概要
- ウィンターミュートは、売り圧力が和らぎ機関投資家資金の流入が確認される中、ビットコインが他の資産に対して相対的な強さを示していると分析したと明らかにした。
- ビットコインの現物ETFの純流入が5取引日連続で続き、機関投資家中心のOTC買いと6万ドル台半ばの機関投資家需要の集中が捉えられたと伝えた。
- ただし、7万4000ドルと8万ドルの水準が主要な上値抵抗として作用し得るため、追加の上抜けと需要の確認がなければ本格的な強気相場と見るのは難しいと強調したと伝えた。
期間別予測トレンドレポート



暗号資産マーケットメイカーのウィンターミュートは、足元の市場反発を受けて売り圧力が和らぎ、機関投資家の資金流入が確認されているとの見方を示した。一方で、本格的なトレンド転換と判断するには時期尚早だとする慎重な見解も併せて提示した。
17日、暗号資産(仮想通貨)専門メディアによると、ウィンターミュートは最近のレポートで「中東の緊張とスタグフレーション懸念の中でも、暗号資産市場は主要資産に対して相対的な強さを示した」と分析した。
レポートは、中東地域の紛争が長期化する兆しを見せ、国際原油価格の上昇とインフレ圧力を同時に刺激していると説明した。これにより市場では年内利下げ期待が後退し、金融政策の不確実性が拡大している状況だ。
こうした環境下で、ビットコインは他の資産に比べ相対的に底堅い値動きを示した。ウィンターミュートは「伝統的資産がボラティリティに見舞われる中、ビットコインが代替資産として注目されている」と評価した。

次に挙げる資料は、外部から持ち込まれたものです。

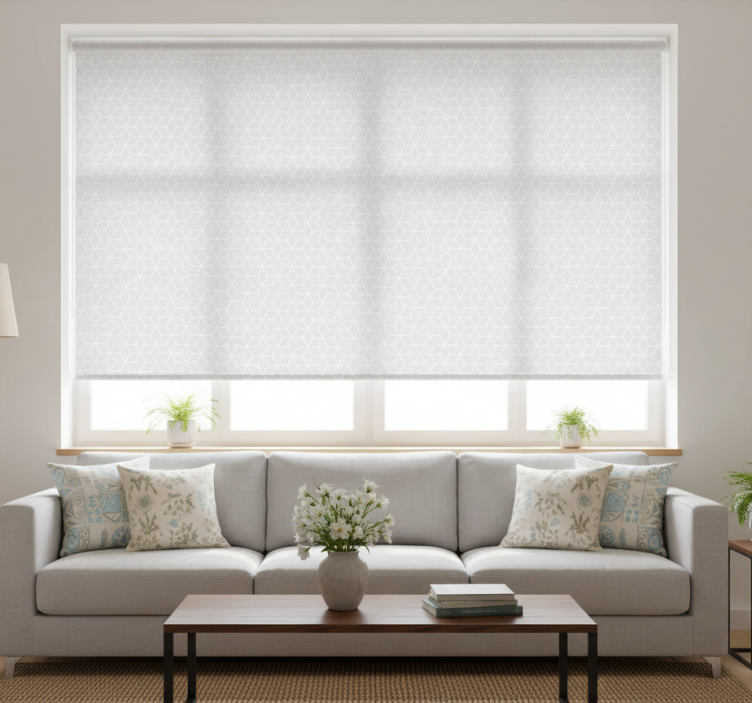 Cortina roller moderno paralelogramos y hexágonos grises

オンチェーンおよび需給面では、構造的な改善シグナルが捉えられた。コインベース・プレミアムの正常化に伴い継続的な売り圧力が和らいだほか、ビットコイン現物上場投資信託(ETF)は5取引日連続で純流入を記録した。機関投資家中心の店頭取引(OTC)でも買いが拡大したことが示された。
とりわけ、ビットコイン価格が6万ドル台半ばの水準で機関投資家の需要が集中する動きが確認され、個人投資家は相対的に様子見姿勢を維持していると分析された。デリバティブ市場でもボラティリティが低下する中で価格が上昇する「健全な上昇構造」が形成されているとの評価だ。
ただしウィンターミュートは、現時点を本格的な強気相場と断定するのは難しいと強調した。「売り圧力はかなりの部分で解消されたが、トレンド転換を確認するには追加の上抜けと需要の確認が必要だ」と説明した。
続けて「7万4000ドルと8万ドルの水準が主要な上値抵抗として作用し得る」とし、「中央銀行の政策方向とエネルギー価格の動きが今後の市場の重要変数だ」と付け加えた。
ウィンターミュートは「現在の市場は初期の弱気局面を経て反発の土台が形成される段階にある」とした上で、「機関投資家の買いと地政学的要因に伴う『ハードアセット』のナラティブがビットコインにポジティブに作用している」と分析した。